** Opening Extracted entries block **

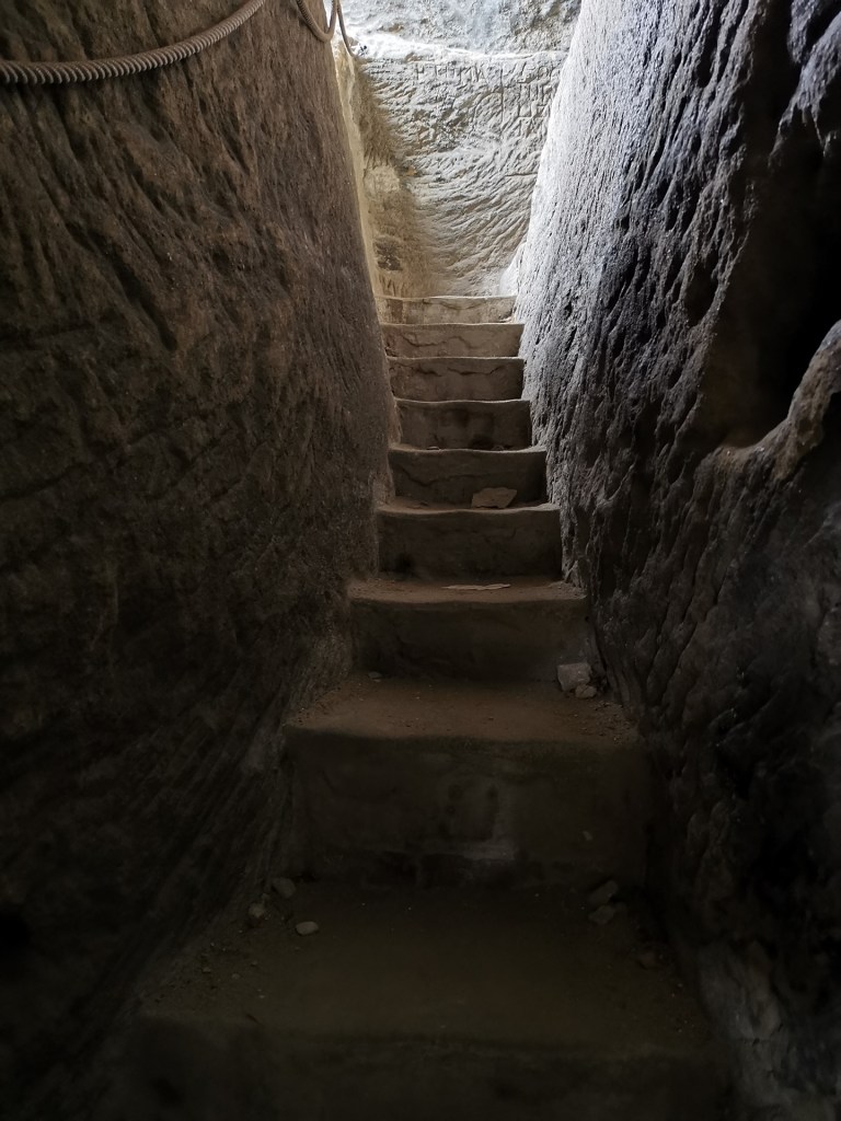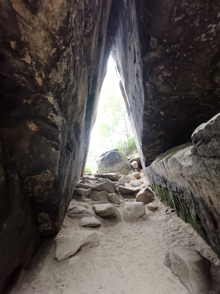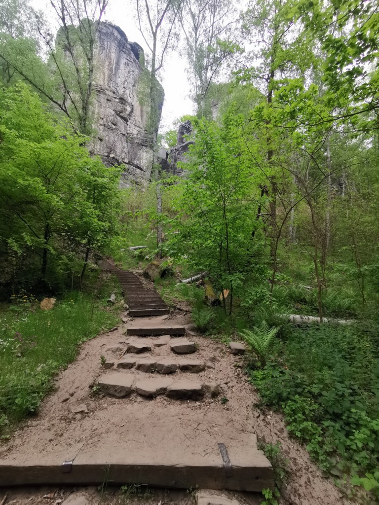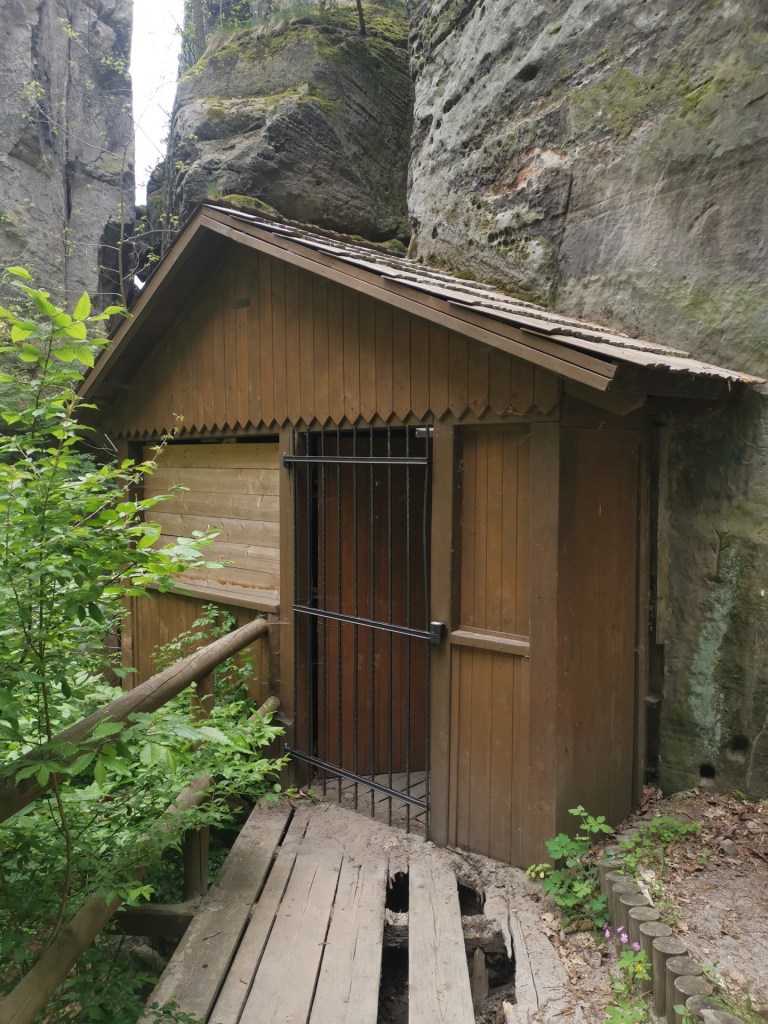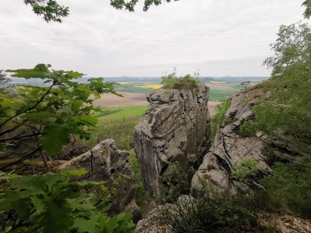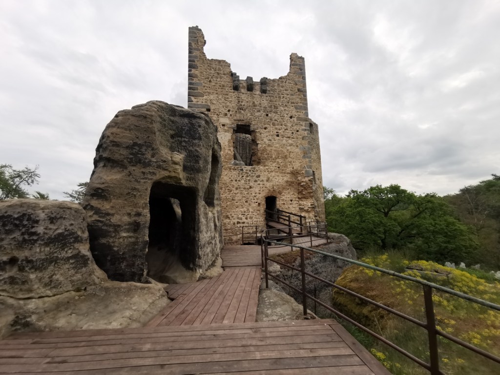 Ráno následujícího dne jsme vyrazili na výlet, směr Drábské světničky. Cesta od parkoviště je prakticky jediným zásadním stoupáním na celé trase. Nepříjemným překvapením byl ale uzavřený výstup na vyhlídku, prý je v havarijním stavu. I když překvapení…kdybychom si přečetli předem všechny informace, tak bychom to věděli. Čeká se zde na rekonstrukci, která by omezila nadměrnému opotřebení povrchu skal pohybem turistů a zároveň opravila nebezpečná místa.
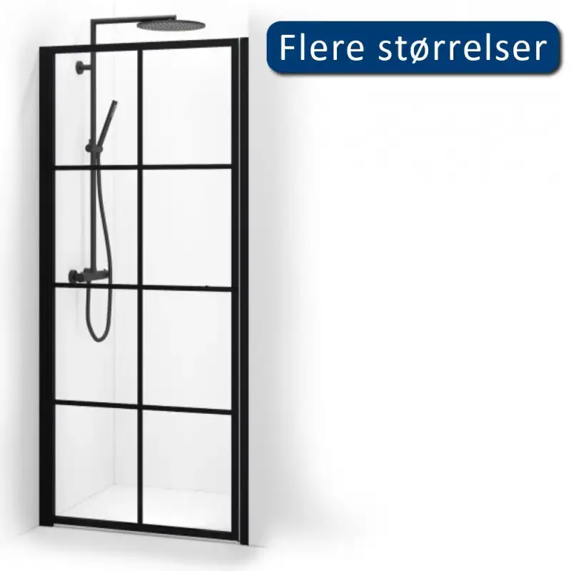 Brusedøren står knivskarp sammen med de flotte sorte brusesystemer
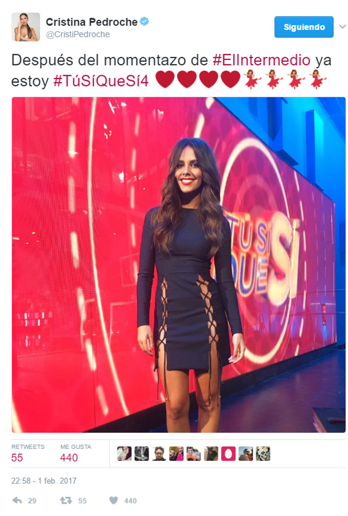 Pero los dos modelitos que llevó en El Intermedio no fueron los únicos que trajeron cola. Y es que a pesar de que Cristina insiste en que ella elige vestir sexy porque es una mujer libre, su vestimenta de anoche invita a pensar que se trata de una mera estrategia para subir audiencia.
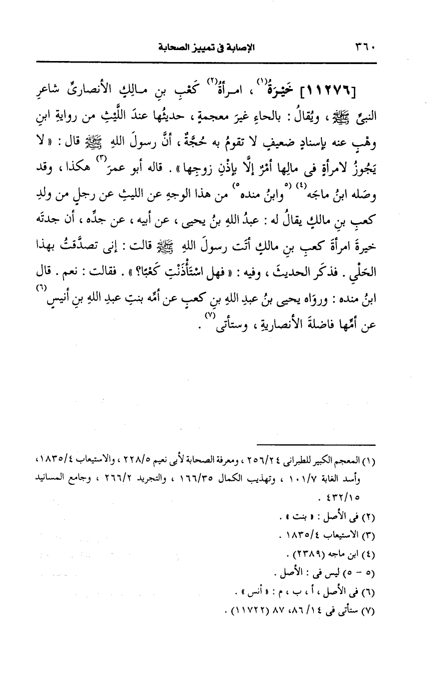 11276- خيرة امرأة كعب بن مالك، الأَنصارِيّ شاعر النَّبيّ صَلى الله عَلَيه وسَلم.
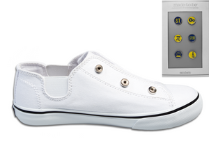 Everyone's favorite easy to to slip on low top sneaker with cotton canvas upper and rubber sole come with 1 set of twist on and off embellishments.
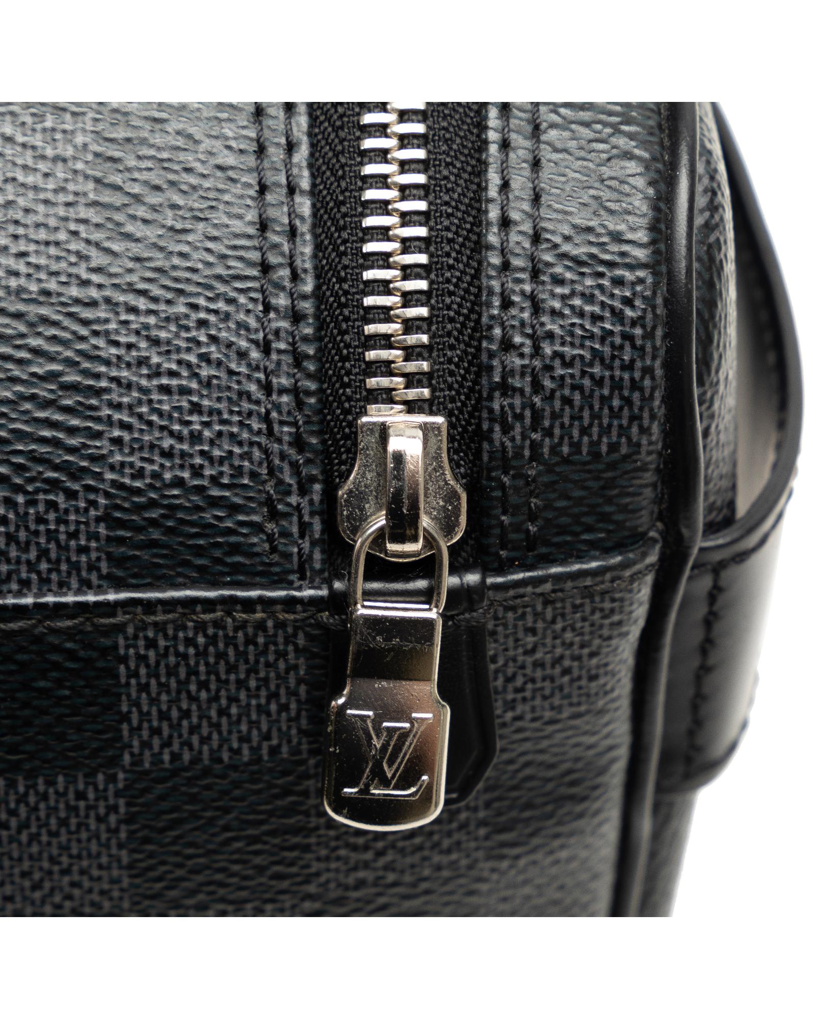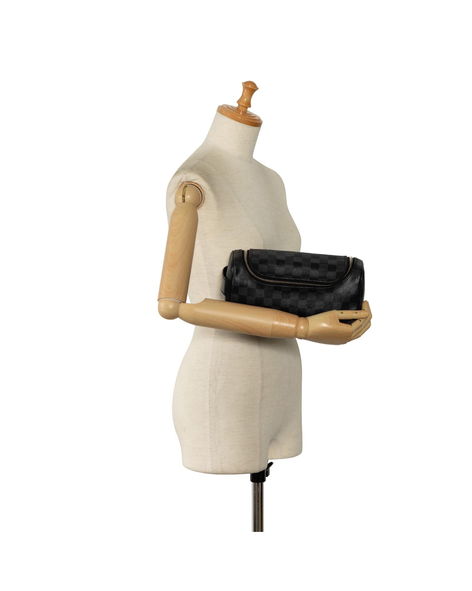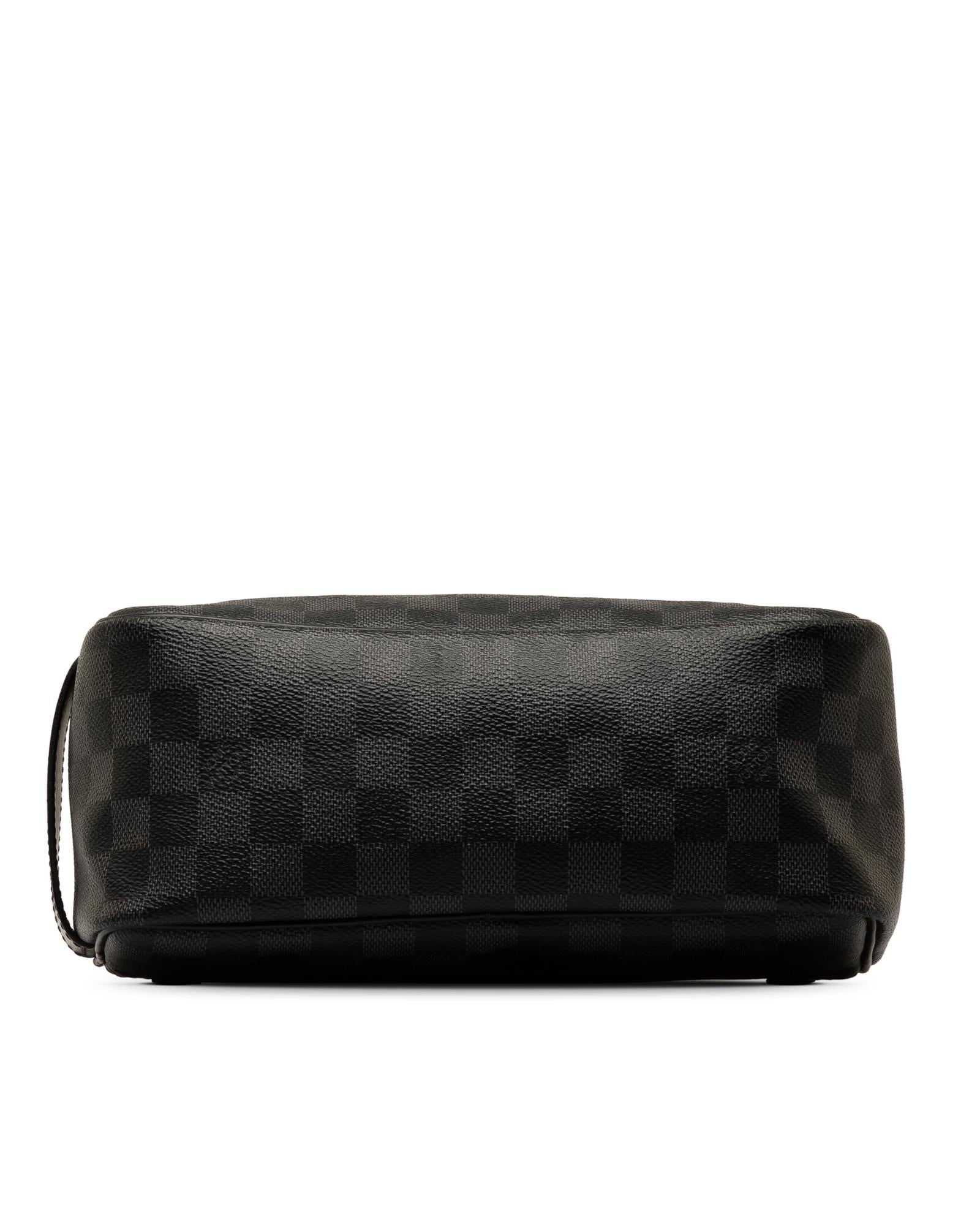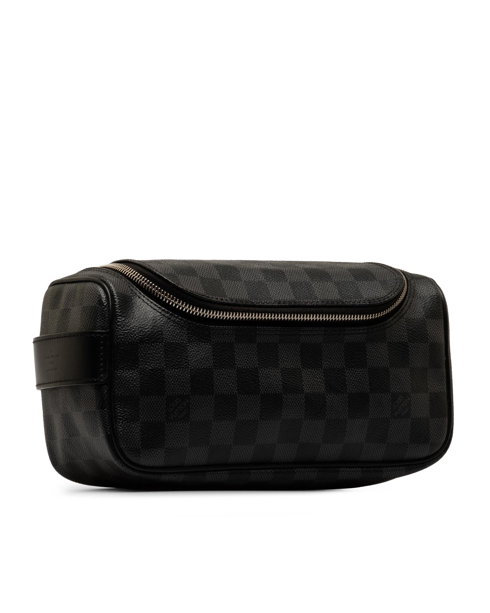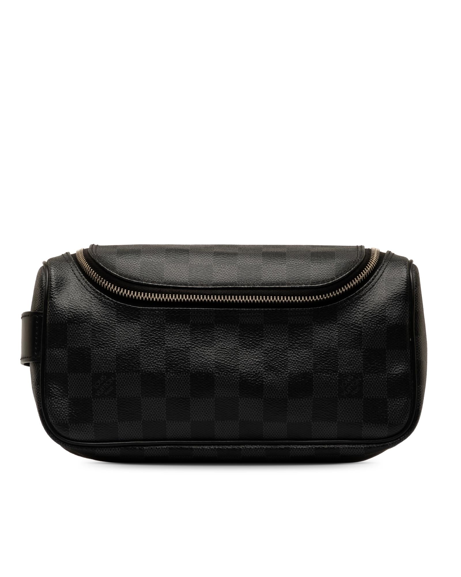 The Toiletry Pouch features a damier canvas body a top zip-around closure and an interior zip pocket.

** Closing Extracted entries block **

▶ Your goal:
Copy each entry exactly, with no pictures.

▶ Reply:
 Ráno následujícího dne jsme vyrazili na výlet, směr Drábské světničky. Cesta od parkoviště je prakticky jediným zásadním stoupáním na celé trase. Nepříjemným překvapením byl ale uzavřený výstup na vyhlídku, prý je v havarijním stavu. I když překvapení…kdybychom si přečetli předem všechny informace, tak bychom to věděli. Čeká se zde na rekonstrukci, která by omezila nadměrnému opotřebení povrchu skal pohybem turistů a zároveň opravila nebezpečná místa.
 Brusedøren står knivskarp sammen med de flotte sorte brusesystemer
 Pero los dos modelitos que llevó en El Intermedio no fueron los únicos que trajeron cola. Y es que a pesar de que Cristina insiste en que ella elige vestir sexy porque es una mujer libre, su vestimenta de anoche invita a pensar que se trata de una mera estrategia para subir audiencia.
 11276- خيرة امرأة كعب بن مالك، الأَنصارِيّ شاعر النَّبيّ صَلى الله عَلَيه وسَلم.
 Everyone's favorite easy to to slip on low top sneaker with cotton canvas upper and rubber sole come with 1 set of twist on and off embellishments.
 The Toiletry Pouch features a damier canvas body a top zip-around closure and an interior zip pocket.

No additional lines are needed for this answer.